**Task**
Only the lines below from the one with "胡散臭い通販商品みたいなあだ名 | 『芸能人もオススメする高麗人参…その名も「はなな」』 |" through the one with "本日12/9(火)新台入替!🌈😁元気に朝10時OPEN!🌝" are to be written out, exactly and without any images.

**Provided records**

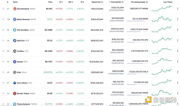 24小時NFT交易量、交易量前十項目 數據來源:Coinmarketcap
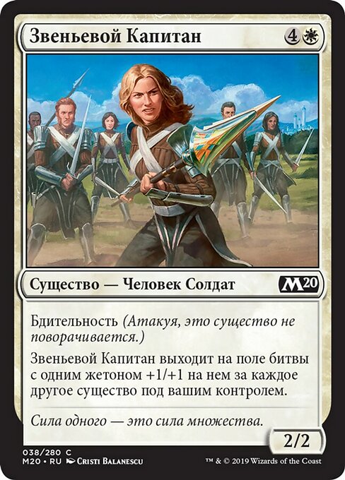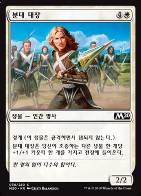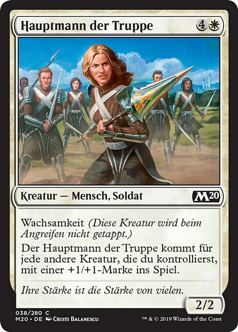 |  Variations— Parts— | 小隊隊長2 / 2 警戒(此生物攻擊時不需橫置。) 小隊隊長進戰場時上面有數個+1/+1指示物,其數量為由你操控之其他生物的數量。
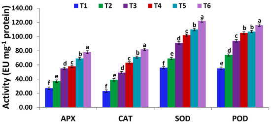 Ascorbate peroxidase (APX), catalase (CAT), superoxide dismutase (SOD), and peroxidase (POD) activities in leaves of un-inoculated and inoculated soybean plants with Serratia marcescens BM1 under Cd stress. Data are means ± SE (n = 4). Different letters (a–f) above the chart columns indicate significant differences between treatments (p ≤ 0.05). T1, control with no Cd and BM1 treatment; T2, plant treated with Serratia marcescens BM1; T3, plant treated with 150 µM CdCl2; T4, plant treated with 150 µM CdCl2 and Serratia marcescens BM1; T5, plant treated with 300 µM CdCl2; T6, plant treated with 300 µM CdCl2 and Serratia marcescens BM1.
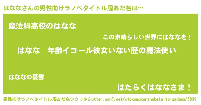 | 胡散臭い通販商品みたいなあだ名 | 『芸能人もオススメする高麗人参…その名も「はなな」』 |
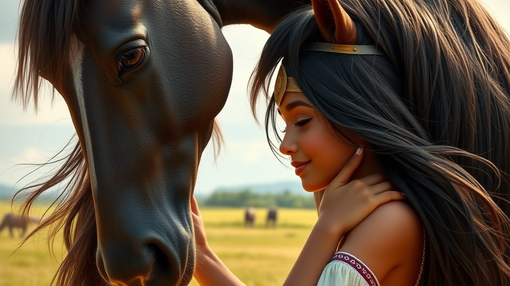 A charming Indian girl with flowing hair gently embracing the face of a majestic horse, their eyes reflecting a deep bond of trust and affection amidst a serene countryside setting.
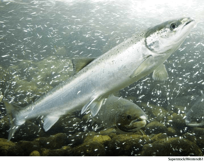 salm·on AHD[sămʹən] D.J.[ˈsæmən]K.K.[ˈsæmən]n.(名词)【复数】 salmon 或 salm.ons  salmonAtlantic salmon smoltSalmo salar- Any of various large food and game fishes of the generaSalmo and Oncorhynchus, of northern waters, having delicate pinkish flesh and characteristically swimming from salt to fresh water to spawn. 鲑,大麻哈鱼:北部海域中鲑属 和 大麻哈鱼属的 各种大食鱼或猎物鱼,具有柔嫩粉红色肉,特征是从咸水游到淡水中去产卵
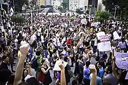 In one of his published books, Feliciano wrote on homosexuals "The rotten feelings of homosexuality leads to hatred, crime, and rejection. We love homosexuals, but we abhor their promiscuous practices." His statements were supported by then fellow federal deputy Jair Bolsonaro.[14] Feliciano was investigated for hate speech for that comment, but was eventually cleared of any wrongdoing. In the closing statements the court said that Feliciano's comments were clearly homophobic and reprehensible, but as no law existed at the time to prosecute homophobia in Brazil, Feliciano could not be formally charged.[15] In August 2013 there was controversy again as there were reports of LGBTQ activists being attacked after a campaign rally by Feliciano in Pará.[16] In an interview for an upcoming book titled Religiões e política; uma análise da atuação dos parlamentares evangélicos sobre direitos das mulheres e LGBTs no Brasil Feliciano claimed that giving women more rights would undermine relationships and marriage, as well as increasing the likelihood that their children would be gay.[17]
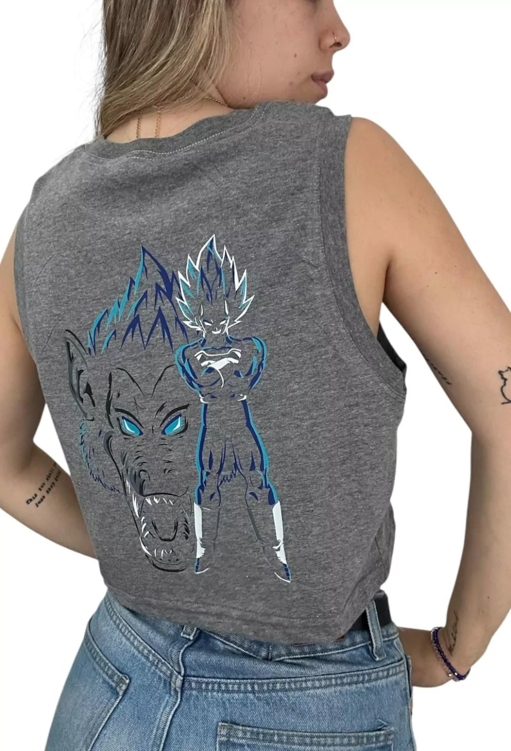 ¿Querés sentirte tan poderoso como Vegeta y fresco al mismo tiempo? Esta pupera sin mangas en gris con detalles en azul es perfecta para mostrar tu fanatismo con onda y comodidad.
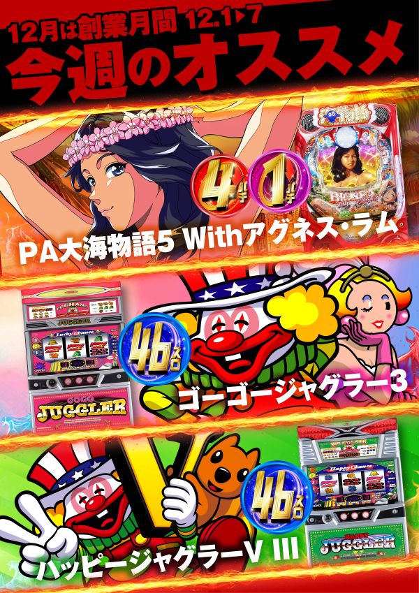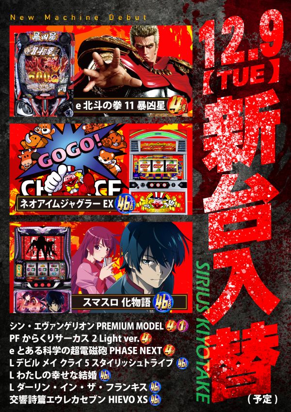 本日12/9(火)新台入替!🌈😁元気に朝10時OPEN!🌝
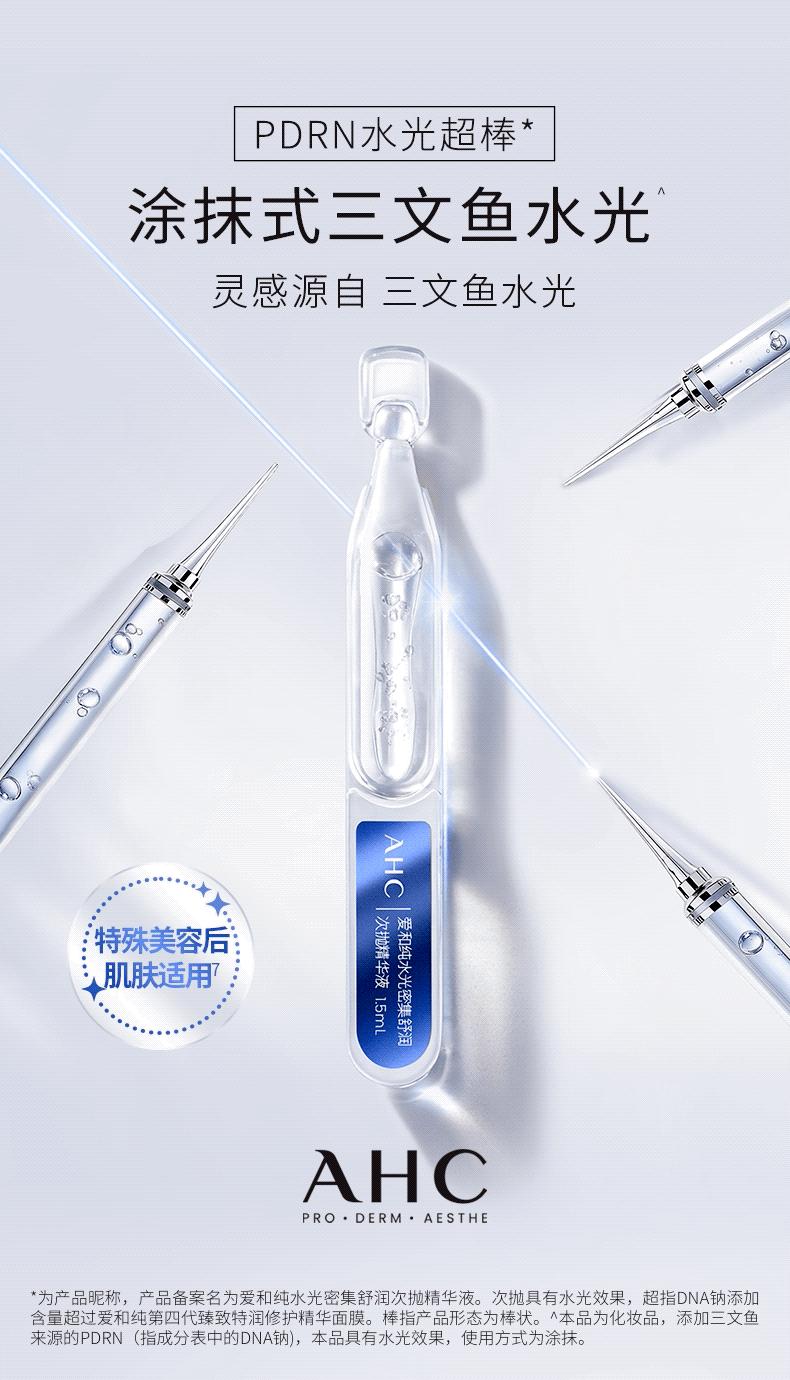 A.H.C此款产品的研发亮点在于对PDRN原料进行了精细化的处理与应用。其特色是采用了“球状PDRN”技术,通过将大分子PDRN封装成高密度微球(1ml含3.7X109个),不仅提升了成分稳定性,更可能利用微球的滚动效应促进透皮吸收。每个微球内含明确数量的PDRN分子(约548万),旨在实现剂量的精准控制与高效递送。
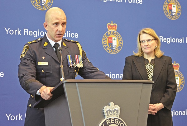 “I did not see my future of policing anywhere but here at York Regional Police,” said Carrique on Monday morning, speaking alongside Minister Jones at a press conference held at the YRP’s Aurora headquarters.
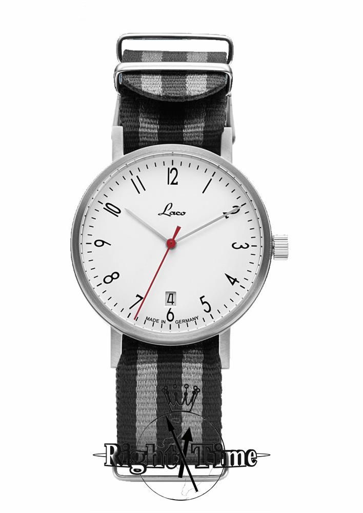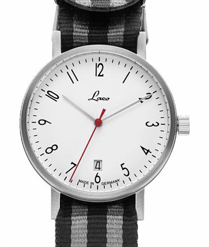 Laco Classics Dresden 40 watch model 862074. Stainless steel case. White dial with Nato style strap. Powered by automatic Miyota 9015 based movement
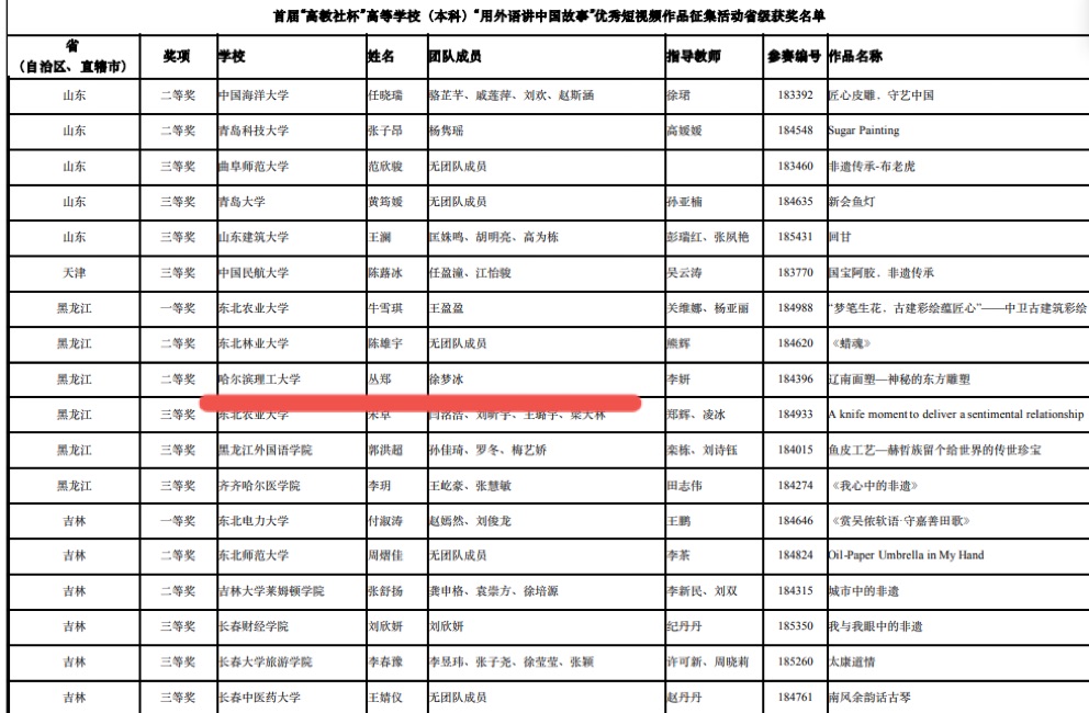 此次“用外语讲中国故事”优秀短视频作品征集活动校赛由校党委宣传部、校团委和教务处主办,外国语学院承办,主题为“我和我眼中的非遗”。参赛短视频内容围绕多彩非遗、匠人匠心和地域非遗展开。校赛阶段共收到来自全校百余名本科生的参赛作品41部,覆盖4个语种。李妍老师,张春烨老师指导的学生作品入围省赛。外国语学院大外一部李妍老师指导的由21级法学专业学生丛郑、徐梦冰共同创作的《辽南面塑:神秘的东方雕塑》在省赛中获得二等奖。此次大赛共有来自全国28个省的184所高校作品分别入围省赛,获奖选手的作品将在高等教育出版社相关网站和平台上进行展示。

**Problem solution**
 | 胡散臭い通販商品みたいなあだ名 | 『芸能人もオススメする高麗人参…その名も「はなな」』 |
 A charming Indian girl with flowing hair gently embracing the face of a majestic horse, their eyes reflecting a deep bond of trust and affection amidst a serene countryside setting.
 salm·on AHD[sămʹən] D.J.[ˈsæmən]K.K.[ˈsæmən]n.(名词)【复数】 salmon 或 salm.ons  salmonAtlantic salmon smoltSalmo salar- Any of various large food and game fishes of the generaSalmo and Oncorhynchus, of northern waters, having delicate pinkish flesh and characteristically swimming from salt to fresh water to spawn. 鲑,大麻哈鱼:北部海域中鲑属 和 大麻哈鱼属的 各种大食鱼或猎物鱼,具有柔嫩粉红色肉,特征是从咸水游到淡水中去产卵
 In one of his published books, Feliciano wrote on homosexuals "The rotten feelings of homosexuality leads to hatred, crime, and rejection. We love homosexuals, but we abhor their promiscuous practices." His statements were supported by then fellow federal deputy Jair Bolsonaro.[14] Feliciano was investigated for hate speech for that comment, but was eventually cleared of any wrongdoing. In the closing statements the court said that Feliciano's comments were clearly homophobic and reprehensible, but as no law existed at the time to prosecute homophobia in Brazil, Feliciano could not be formally charged.[15] In August 2013 there was controversy again as there were reports of LGBTQ activists being attacked after a campaign rally by Feliciano in Pará.[16] In an interview for an upcoming book titled Religiões e política; uma análise da atuação dos parlamentares evangélicos sobre direitos das mulheres e LGBTs no Brasil Feliciano claimed that giving women more rights would undermine relationships and marriage, as well as increasing the likelihood that their children would be gay.[17]
 ¿Querés sentirte tan poderoso como Vegeta y fresco al mismo tiempo? Esta pupera sin mangas en gris con detalles en azul es perfecta para mostrar tu fanatismo con onda y comodidad.
 本日12/9(火)新台入替!🌈😁元気に朝10時OPEN!🌝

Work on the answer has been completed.